Radio image of jets and lobes in Cygnus A. Credit: NRAO/AUI

Jun 19, 2017

Electric power switches on and off.

From gamma-rays down through X-rays and radio waves, conventional theories rely on gravity and acceleration to produce radiation in space. Compressing dusty clouds of hydrogen gas is supposed to create enough transfer of momentum that they reach temperatures in the millions of degrees. That high temperature is supposed to make the gas and dust glow brightly and emit radiation.

The idea that electricity flows through the Universe is commonly met with resistance by today’s consensus, so its influence and attributes are unseen. It has long been said that “seeing is believing”. However, it should not be surprising that “believing is seeing” appears to be more apt. When there is no inner experience, such as a theory, outer realities remain invisible.

Electric charge surges out along galactic spin axes, forming double layers that, like those in 3C 405 (Cygnus A), can be seen as radio “lobes”. The electric charge spreads out around the galactic circumference, flowing back to the core along the spiral arms. Since the elements in a galactic circuit radiate energy, that energetic radiance shows that they are powered by larger circuits. The extent of the larger circuits may be traced by radio telescopes through the polarized radio “noise” coming from them.

Recently, astronomers using the Very Large Array found a “bright new object” near the center of Cygnus A. The conclusion is that there is second “supermassive black hole” (SMBH) orbiting the primary active energy source in the galaxy’s core.

Cygnus A is one of the first radio sources that revealed “jets and lobes” accelerating out of its nucleus. Those formations are thought to be the result of material falling into a compact gravity source, where it is torn apart.
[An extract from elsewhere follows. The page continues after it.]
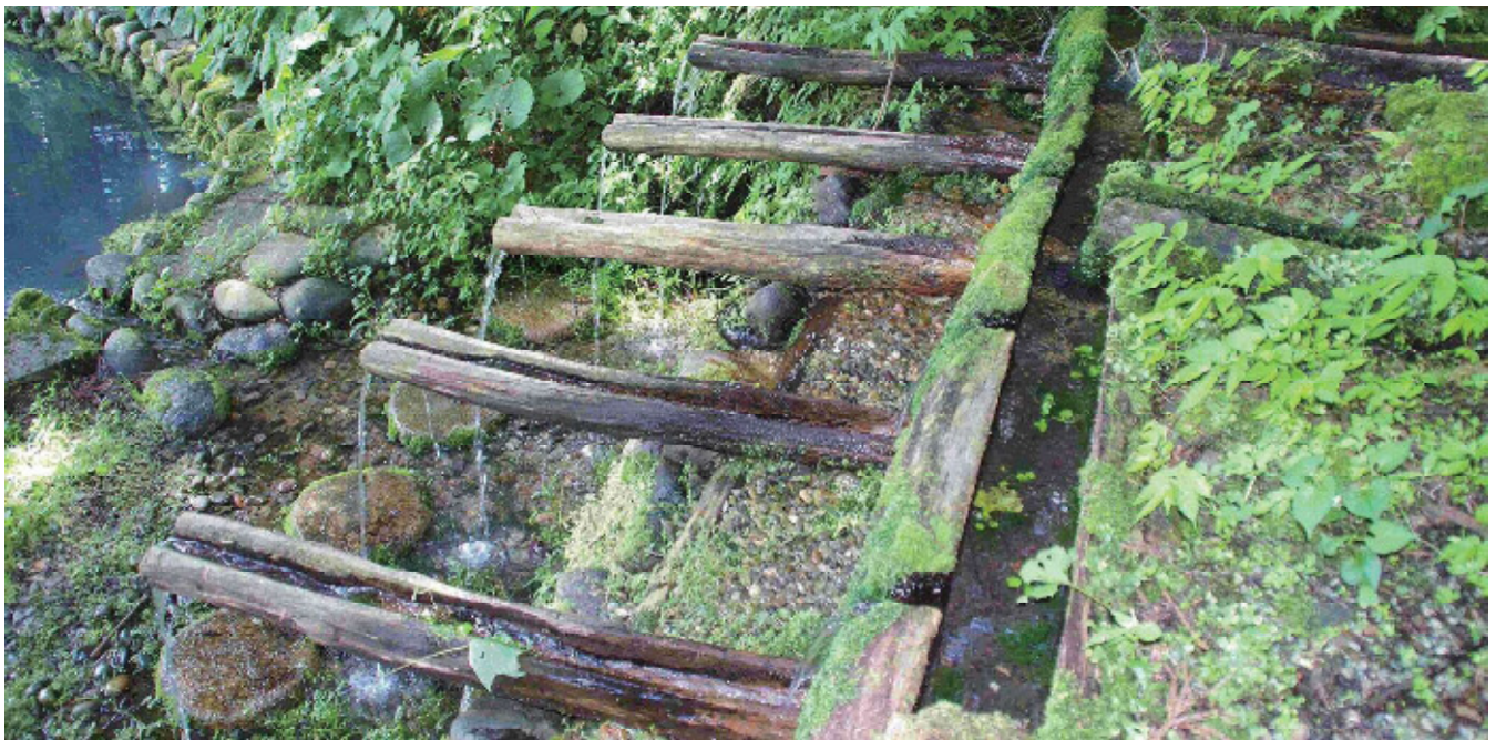
〔管理者・保全団体〕 八ツ沼区

The resulting subatomic particles are propelled out of the galactic core by some means not understood in consensus circles. It is suggested that they are formed by the spinning magnetic fields that surround a black hole, but the theory can not be tested.

Among the many difficulties faced by mainstream astrophysicists is how magnetic fields can align and compress particle emissions into jets that maintain coherency. Radio jets from other galactic sources reach out for over one million light years before they “disperse” into vast clouds of radio emitting particles, larger than their galactic sources.
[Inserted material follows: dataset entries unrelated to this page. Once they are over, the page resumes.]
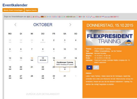
Eventkalender für Partner mit Einladefunktion

Implementierung des Eventkalenders, Eventmanagers und weiteren Funktionen wie die Anbindung eines QR Code Scanner Plugins zur Erfassung der Teilnehmer mit einer Webcam.
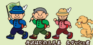
丹沢だの三兄弟 & タンゴウ君
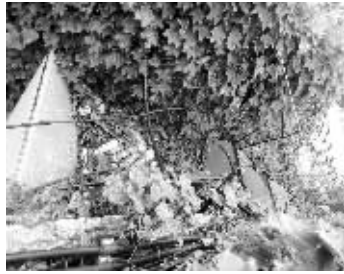
天堡城观景台外侧的垃圾

An important factor that is missed in these observations is that the fields are electromagnetic and not simply magnetic. The only way to generate a magnetic field is with the flow of electric charge, or electricity. As written in a previous Picture of the Day, radio-bright celestial objects are not created in gravity fields, no matter how powerful. Laboratory experiments most easily produce them by accelerating charged particles through an electric field. Rather than gravity, an electromagnetic entity called a “plasmoid” is responsible for jets, lobes and other objects in space.
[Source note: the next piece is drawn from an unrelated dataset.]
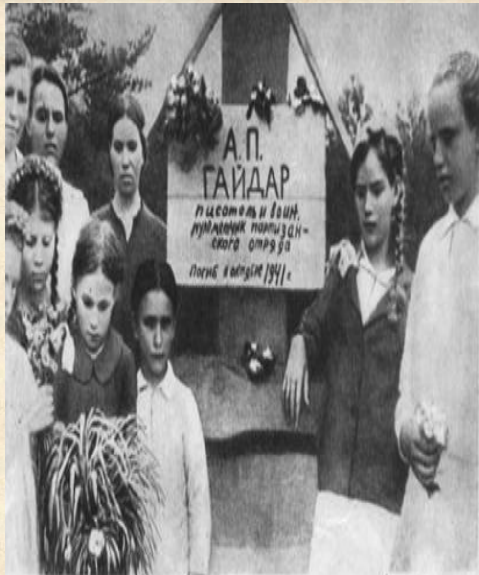
Место, где первоначально был похоронен А. П. Гайдар.

Он погиб, выручая товарищей. Это случилось 26 октября 1941 в бою под деревней Леплява. Маленькая группа партизан, возвращаясь с боевого задания, наткнулась на засаду. Похоронен Гайдар на высоком берегу Днепра в г. Каневе.

The detection of another radio source in Cygnus A is indicative of plasma’s behavior in response to electric charge flow. Bennett pinches (z-pinches) in plasma filaments form plasmoids that can come and go as the electric field varies. Strong electric fields in plasmoids act as particle accelerators. Electrons accelerated to high speeds spiral in the electromagnetic fields, emitting radio waves. If the electric stress is high, another pinch will form. Radio telescopes confirm the existence of a plasma-focus plasmoid at the core of the Milky Way, so it should not be surprising that other galaxies exhibit similar structures that appear and disappear.